Unversöhnlich bis zuletzt
Entsprechend laut ist die Kritik in den USA, von einem regelrechten «Hinrichtungsrausch» Trumps bis zum 20. Januar ist die Rede. Beobachter sind sich einig: Der abtretende Präsident will sich politisch bis zuletzt demonstrativ vom künftigen demokratischen Präsidenten abheben – und Zeichen der Stärke und der ideologischen Unversöhnlichkeit aussenden (mehr dazu findet ihr hier).

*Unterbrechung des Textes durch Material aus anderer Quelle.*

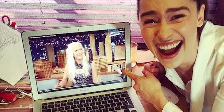 Clarke Instagrammed a photo of herself cracking up while watching Wiig portray the Targaryen girl.
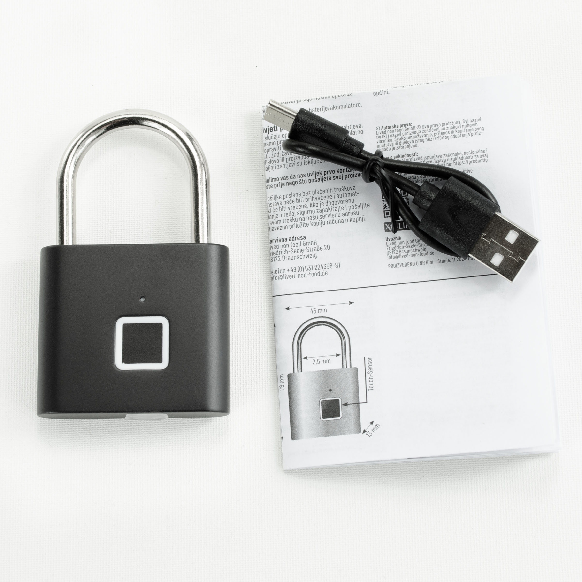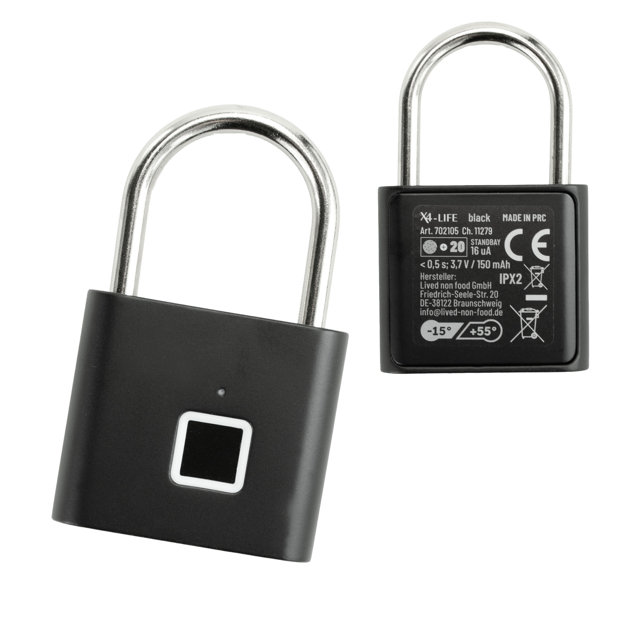 Produktinformationen "X4-LIFE Fingerabdruck-Vorhängeschloss-schwarz"

Trump-Nachfolger Joe Biden ist ein Gegner der Todesstrafe. Es wird erwartet, dass der Demokrat die Todesstrafe auf Bundesebene wieder aussetzen wird – und zwar noch am Tag seiner Amtseinführung am 21. Januar.
Erfolglose Promis
Kim Kardashian und Staranwälte
Reality-TV-Star Kim Kardashian schrieb am Donnerstag auf Twitter: «Es ist der Tag der Menschenrechte, und hier in den Vereinigten Staaten richten wir jemanden hin, der zum Zeitpunkt des Verbrechens 18 war, nicht der Schütze war und sich rehabilitiert hat. So beschämend.» Kardashian pflegt eigentlich gute Beziehungen zu US-Präsident Donald Trump. Doch sie blieb mit ihrer Aufforderung, die Hinrichtung auszusetzen, ebenso erfolglos wie die beiden prominenten US-Anwälte Alan Dershowitz und Ken Starr. Sie hatten in letzter Minute beantragt, die Vollstreckung der Todesstrafe für 14 Tage auszusetzen. Beide kennen den US-Präsidenten gut. Sie hatten Trump in dessen Amtsenthebungsverfahren im Kongress verteidigt.